Творец

А.Лавренов
Мы болтаемся на станции уже третий месяц. Мы - это Бирюк, (Биркин Юрий Константинович), он же командир отряда и я - исследователь того же отряда. Хотя, если быть до конца точным, месяц назад появился третий член нашей команды. Мы называем его Зулли. Он похож на белую мышь средних размеров, но без хвоста и с голубыми глазами. Собственно с его появлением наша задача считается выполненной, а мы - людьми, первыми в истории человечества завершившими эксперимент по превращению неживой материи в живую. Но вместо того, чтобы возвратиться с бесценным экземпляром домой, мы уговорили землю еще на месяц продлить наше пребывание на станции, чтобы наблюдать развитие этого организма в условиях невесомости, то есть в тех условиях, в которых только и могла возникнуть искусственная жизнь, по мнению ученых-теоретиков.

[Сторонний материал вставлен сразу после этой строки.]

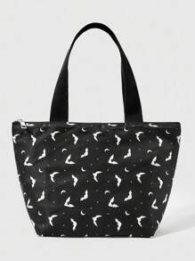 Dark Bat Print Fashion Goth Style Insulated Lunch Tote Bag, Large Capacity & Portable
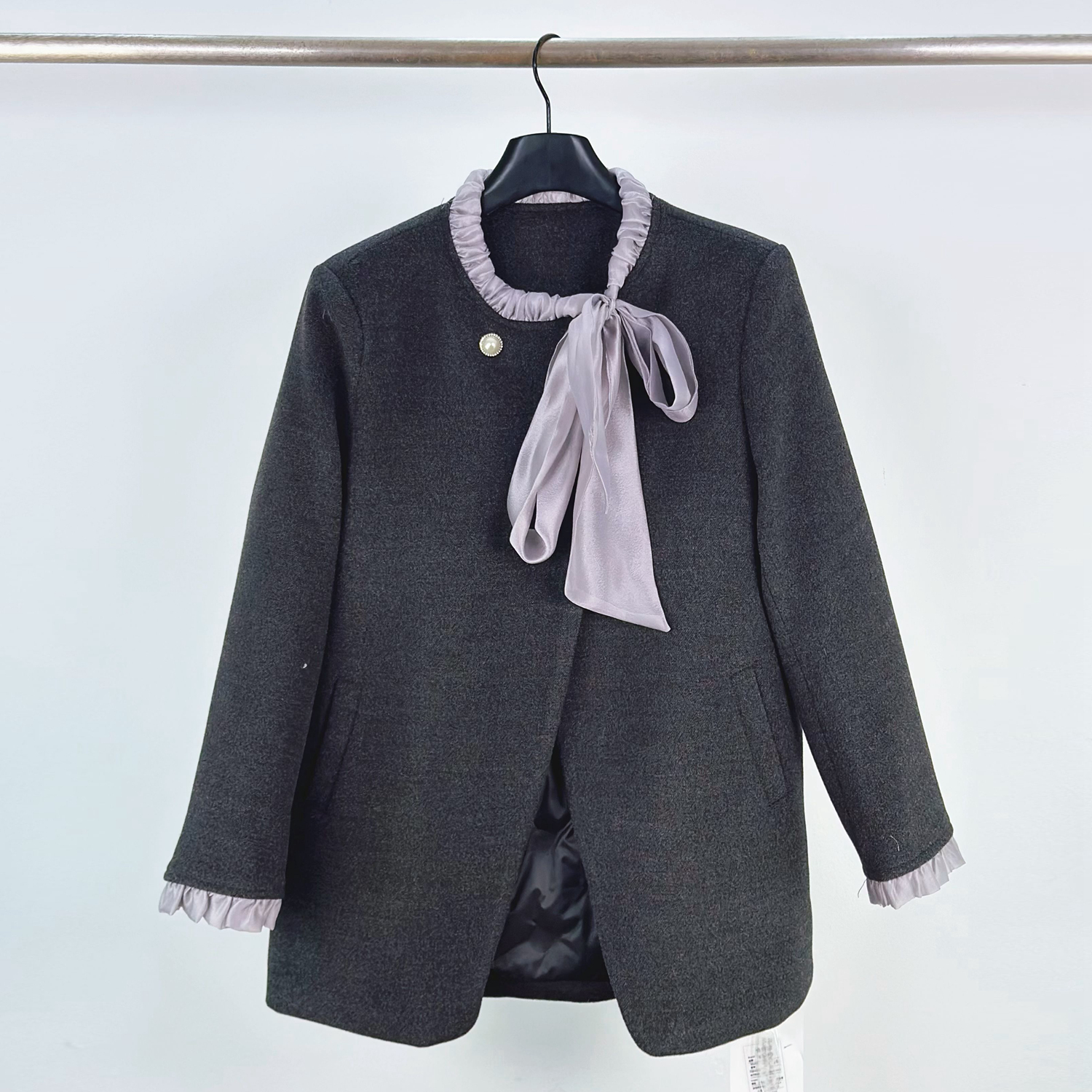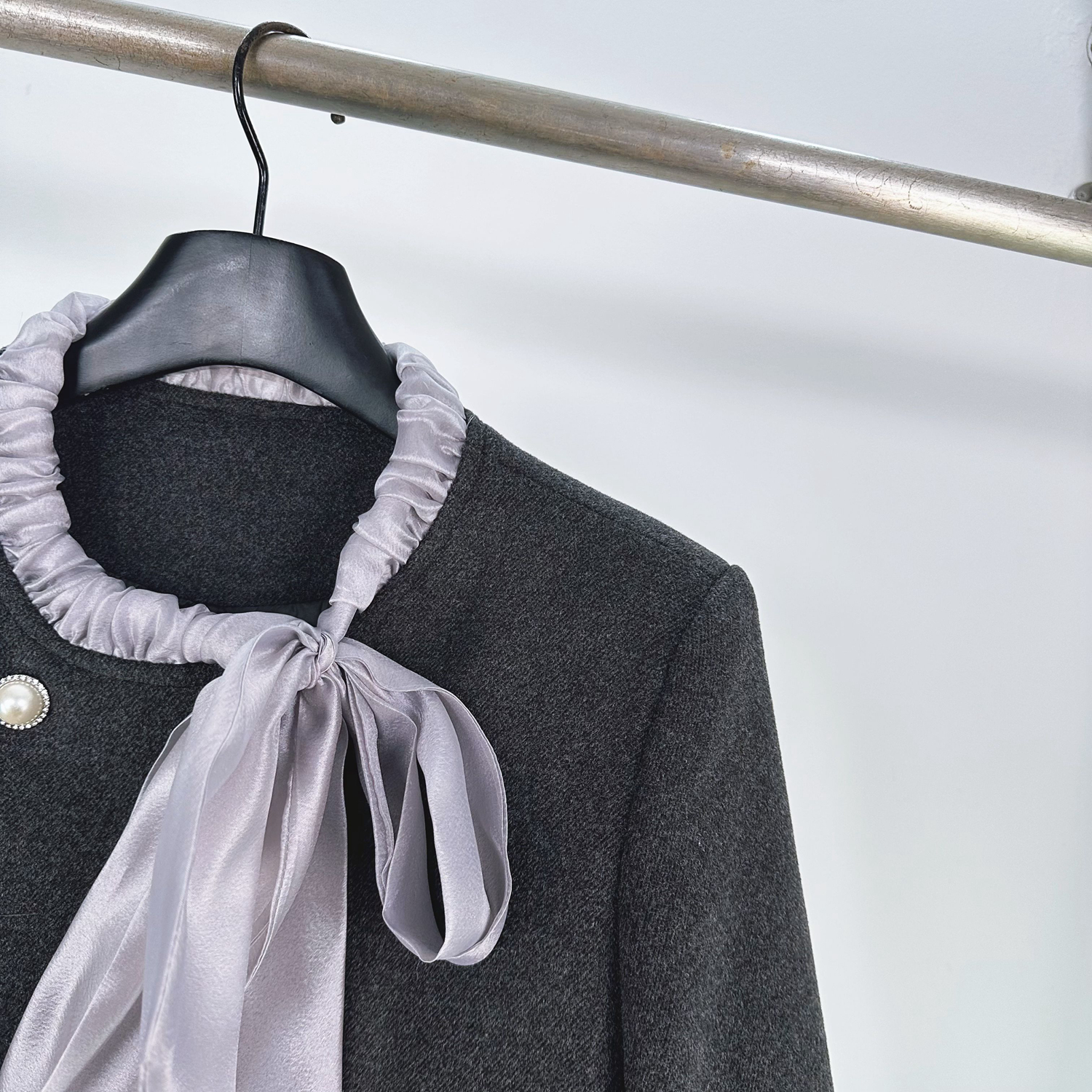 6026法式洋气轻奢小香风羽绒套装女冬蝴蝶结西服外套半身裙两件套
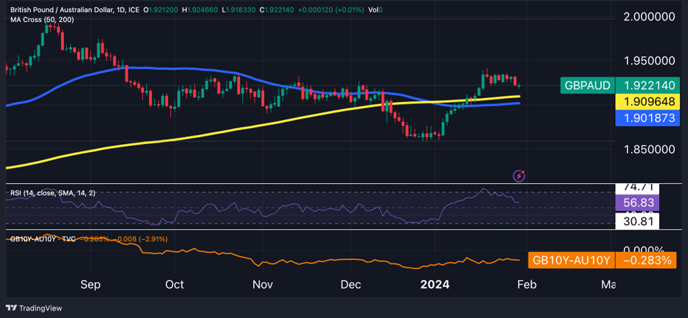EUR/USD has been following a descending channel pattern since late December, breaking below the 50 and 200-day moving averages. The short-term setup remains bearish, confirmed by an RSI consistently below 50 since mid-January. The projected downward trend could target 1.0450 by the end of February. Breaking above the 1.0995 level (January 11th’s high) would serve as a potential stop placement point for bearish strategies.
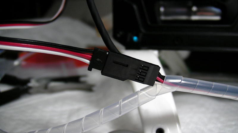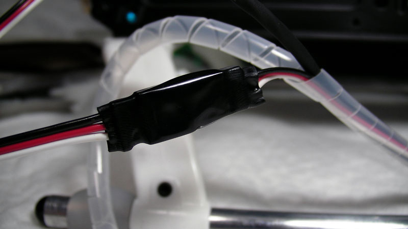 仕方ないので延長ケーブルに登場願います。部品箱に入っていた延長ケーブルがついに日の目を見ました(笑) たかだか20cmのケーブルですが、これだけでかなりの余裕が。接合部は外れるとまずいのでヒートシュリンクしておきました。脱落防止コネクタの使用も考えましたが、ごつくなるので今回はこれで様子を見ること にします。左:シュリンク前 右:シュリンク後
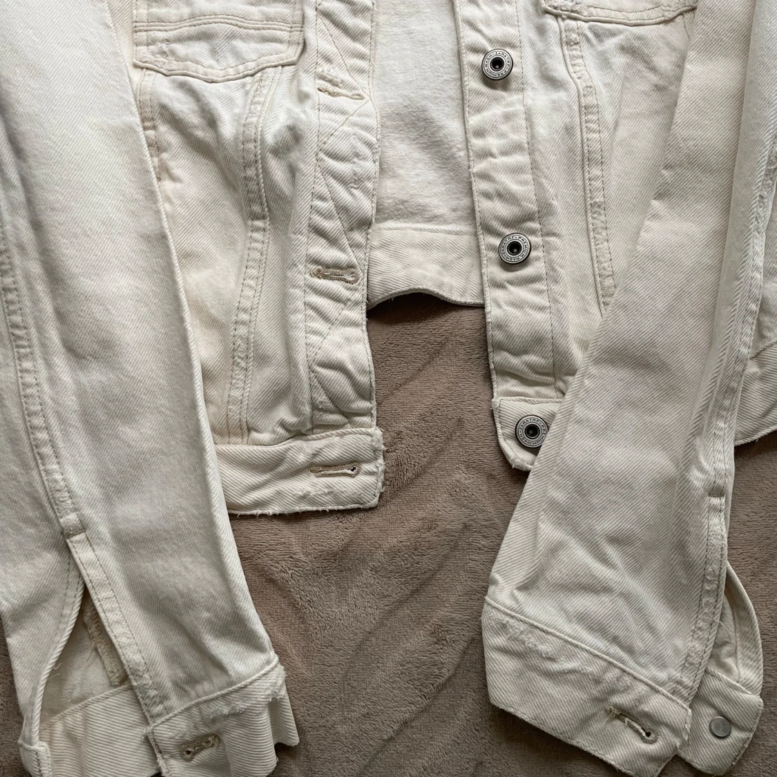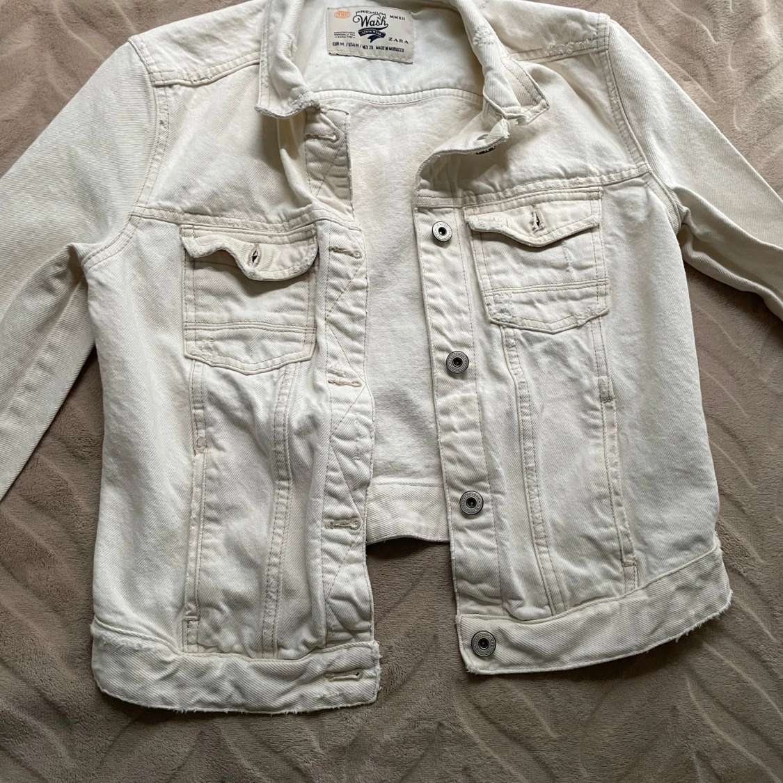 säljer denna snygga jeansjackan från zara då den inte kommer till användning. det är m men jag skulle säga att den sitter som en s💕

Вообще-то Зулли, согласно прогнозам тех же маститых светил, должен был быть похожим скорее на маленького крокодильчика, но от ошибок не гарантирован никто, и, видимо, кое-кто из столпов биоинженерной науки в своих расчетах пропустил запятую, или добавил лишний ноль. И еще он получился мальчиком, вопреки предсказаниям тех же деятелей. Но это не мешает нам его нежно любить и даже баловать сверх меры. Иногда мы даже выпускаем его из аквариума полетать по станции.
- Ну что, отец-воспитатель, - Бирюк ввалился ко мне в лабораторию, - твой-то сегодня опять нагадил мне в ботинок, карамаз безухий. И как ему это только удается в невесомости?
- Ты собрал ценный биоматериал? - я отлип от микроскопа и постарался придать голосу невозмутимое звучание, - Учти, Юрий Константинович, за разбазаривание спецматериала Главный премию не увеличивает.
- Ладно, пошути пока. Завтра заканчивается наша ссылка, уходим с орбиты и - домой! - Бирюк выплыл из лаборатории, демонстративно взмахнув необутой ногой.
Мысль о том, что вскоре придется расстаться с Зулли, была невыносима, за этот месяц я очень привык к нему. Бирюку на самом деле он тоже нравился, но он, как командир, был несколько дальше от самого эксперимента и всего, что с ним было связано. Сутками у инкубатора тогда дежурил я, а он лишь подменял меня на очень короткое время, когда я уже просто валился с ног, и точно свалился бы, если б не невесомость.
Мы радовались как дети, увидев в микроскоп, как зашевелилась первичная ткань. А уж когда проявились очертания зверька, мы просто плакали.
Сколько у нас было тогда разговоров и споров о божественном начале жизни! И вот теперь мы сами стали причастны к Сотворению.
- Ты хоть понимаешь, что ты разговариваешь с Богом? - говорил я командиру.
- Ты не Бог, ты - безухий карамаз и говно, - так же ласково отвечал мне он.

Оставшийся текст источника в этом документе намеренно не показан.